→ Task goal
Starting at the line that contains "Separadores fabricados en", transcribe every remaining line of the data below exactly, and omit all pictures.

→ Exercise data
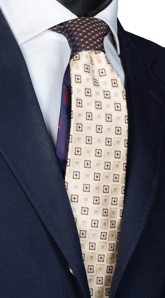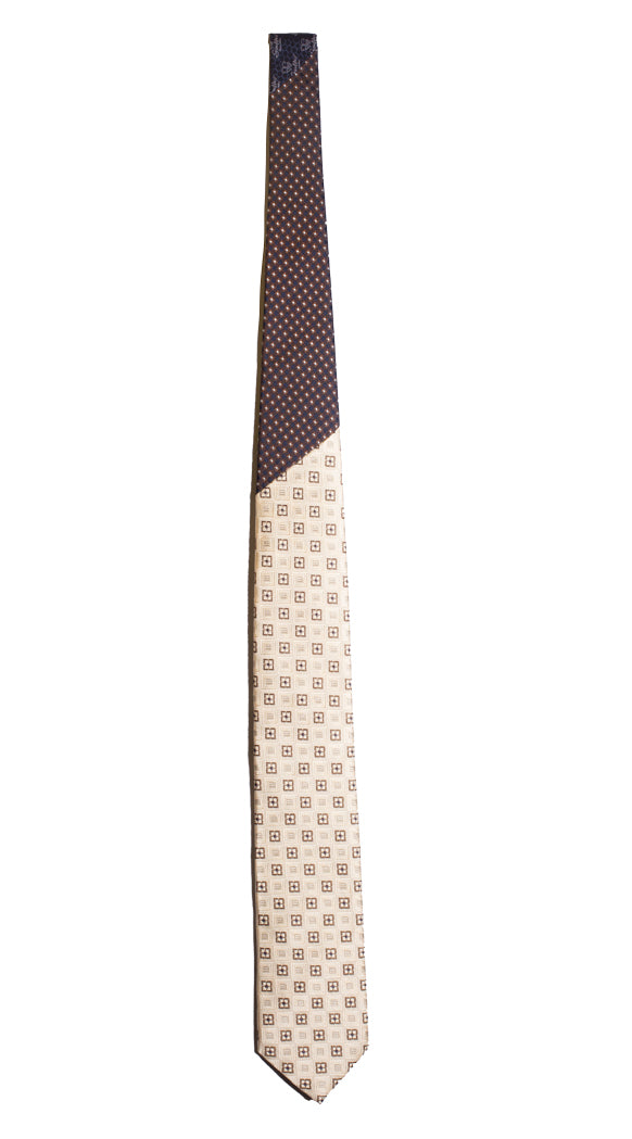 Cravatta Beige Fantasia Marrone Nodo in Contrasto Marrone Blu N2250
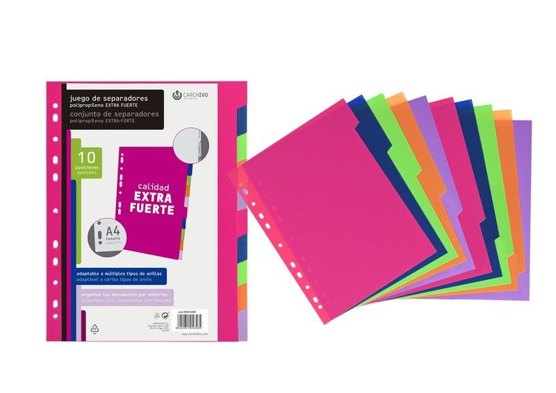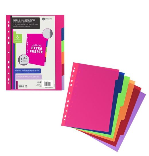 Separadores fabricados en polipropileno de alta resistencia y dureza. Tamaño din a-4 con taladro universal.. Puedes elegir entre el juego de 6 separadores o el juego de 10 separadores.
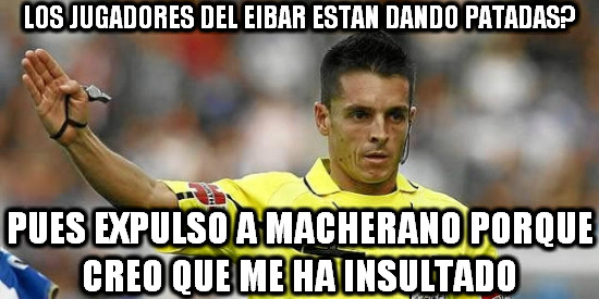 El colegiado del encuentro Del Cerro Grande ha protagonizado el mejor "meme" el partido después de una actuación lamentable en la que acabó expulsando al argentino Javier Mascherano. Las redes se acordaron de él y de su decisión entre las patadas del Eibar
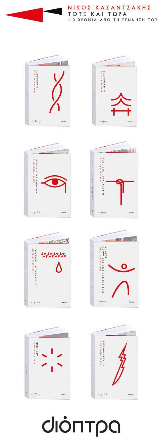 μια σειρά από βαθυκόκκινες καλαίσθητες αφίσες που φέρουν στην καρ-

→ Your solution
 Separadores fabricados en polipropileno de alta resistencia y dureza. Tamaño din a-4 con taladro universal.. Puedes elegir entre el juego de 6 separadores o el juego de 10 separadores.
 El colegiado del encuentro Del Cerro Grande ha protagonizado el mejor "meme" el partido después de una actuación lamentable en la que acabó expulsando al argentino Javier Mascherano. Las redes se acordaron de él y de su decisión entre las patadas del Eibar
 μια σειρά από βαθυκόκκινες καλαίσθητες αφίσες που φέρουν στην καρ-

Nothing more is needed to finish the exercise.